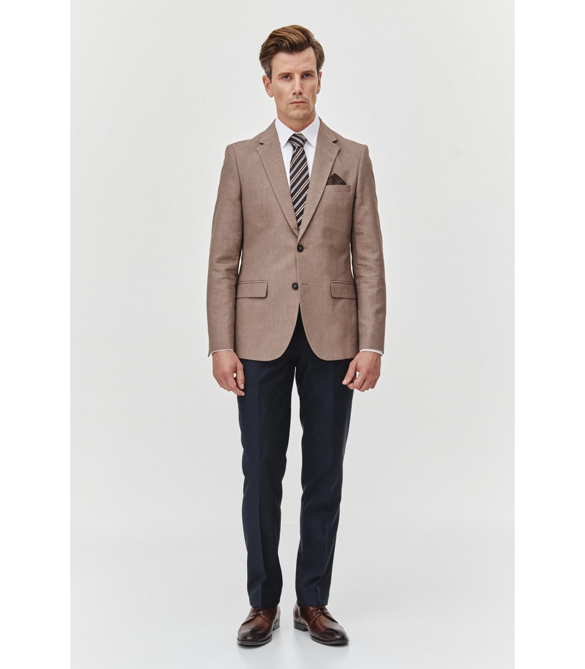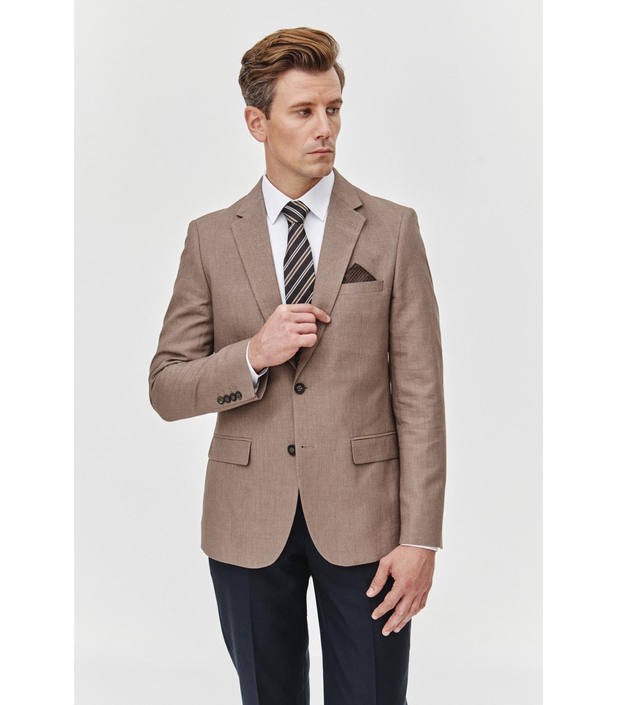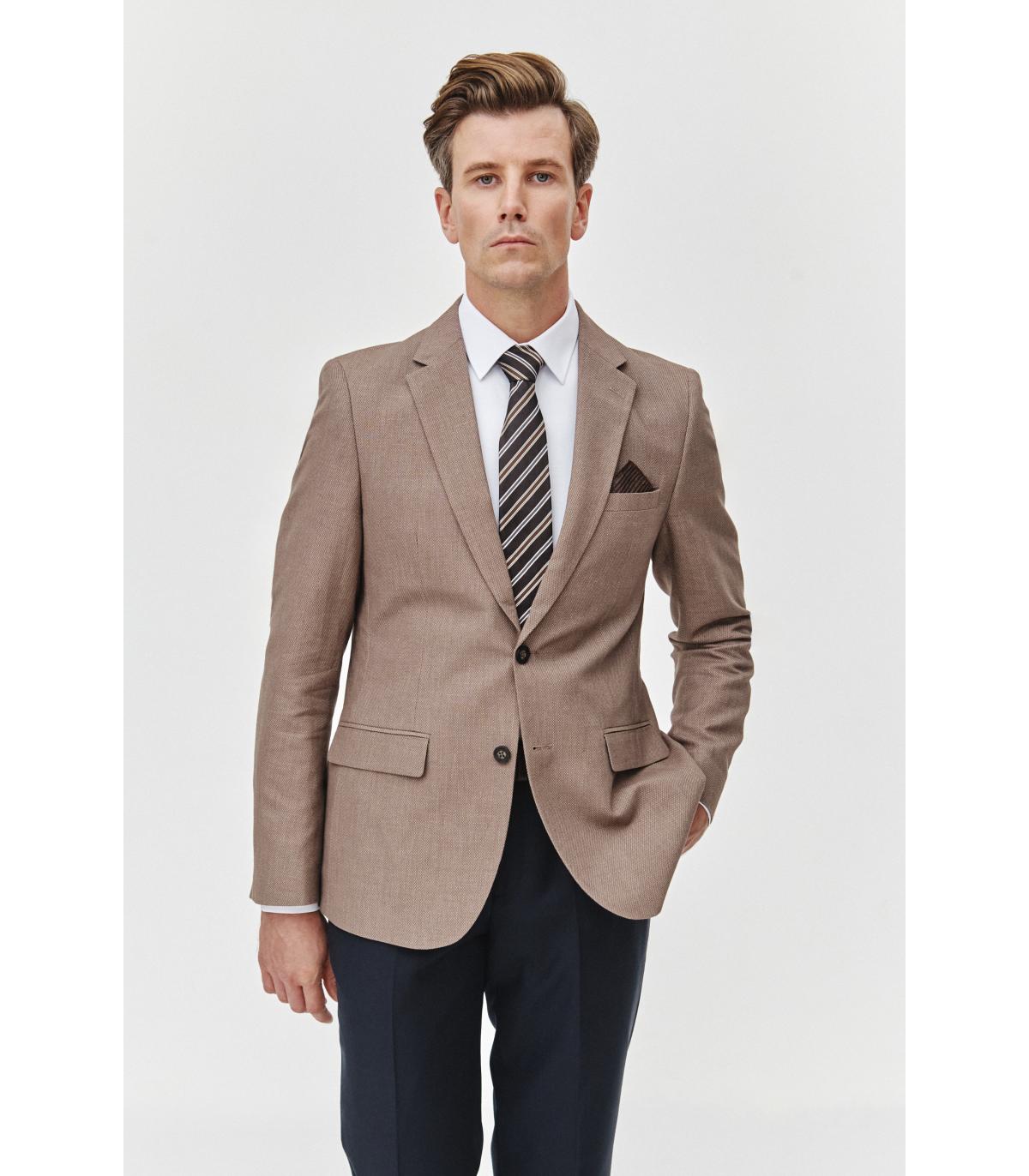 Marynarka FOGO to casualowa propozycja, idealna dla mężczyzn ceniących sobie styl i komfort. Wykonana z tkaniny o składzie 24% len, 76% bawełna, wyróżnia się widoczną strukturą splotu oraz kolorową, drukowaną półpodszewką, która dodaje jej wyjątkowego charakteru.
...
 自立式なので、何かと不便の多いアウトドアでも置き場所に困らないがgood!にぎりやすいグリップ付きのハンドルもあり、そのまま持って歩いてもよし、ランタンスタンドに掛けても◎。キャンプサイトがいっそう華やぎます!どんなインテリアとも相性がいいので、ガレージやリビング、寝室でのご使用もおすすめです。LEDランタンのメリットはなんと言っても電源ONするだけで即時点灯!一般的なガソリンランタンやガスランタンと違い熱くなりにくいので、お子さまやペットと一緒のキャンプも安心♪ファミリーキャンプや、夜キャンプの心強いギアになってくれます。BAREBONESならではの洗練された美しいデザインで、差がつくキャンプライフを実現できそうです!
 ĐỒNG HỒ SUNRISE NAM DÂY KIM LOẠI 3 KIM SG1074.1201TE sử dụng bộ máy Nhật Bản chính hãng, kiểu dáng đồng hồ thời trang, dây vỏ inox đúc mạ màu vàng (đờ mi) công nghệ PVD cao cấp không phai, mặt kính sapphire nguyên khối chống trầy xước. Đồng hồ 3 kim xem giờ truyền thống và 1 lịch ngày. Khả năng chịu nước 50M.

Required action:
Going back to the entries above, set down exactly the lines that begin at the one with "自立式なので、何かと不便の多" and end at the one with "ĐỒNG HỒ SUNRISE", both included, and nothing else.

Output for this exercise:
 自立式なので、何かと不便の多いアウトドアでも置き場所に困らないがgood!にぎりやすいグリップ付きのハンドルもあり、そのまま持って歩いてもよし、ランタンスタンドに掛けても◎。キャンプサイトがいっそう華やぎます!どんなインテリアとも相性がいいので、ガレージやリビング、寝室でのご使用もおすすめです。LEDランタンのメリットはなんと言っても電源ONするだけで即時点灯!一般的なガソリンランタンやガスランタンと違い熱くなりにくいので、お子さまやペットと一緒のキャンプも安心♪ファミリーキャンプや、夜キャンプの心強いギアになってくれます。BAREBONESならではの洗練された美しいデザインで、差がつくキャンプライフを実現できそうです!
 ĐỒNG HỒ SUNRISE NAM DÂY KIM LOẠI 3 KIM SG1074.1201TE sử dụng bộ máy Nhật Bản chính hãng, kiểu dáng đồng hồ thời trang, dây vỏ inox đúc mạ màu vàng (đờ mi) công nghệ PVD cao cấp không phai, mặt kính sapphire nguyên khối chống trầy xước. Đồng hồ 3 kim xem giờ truyền thống và 1 lịch ngày. Khả năng chịu nước 50M.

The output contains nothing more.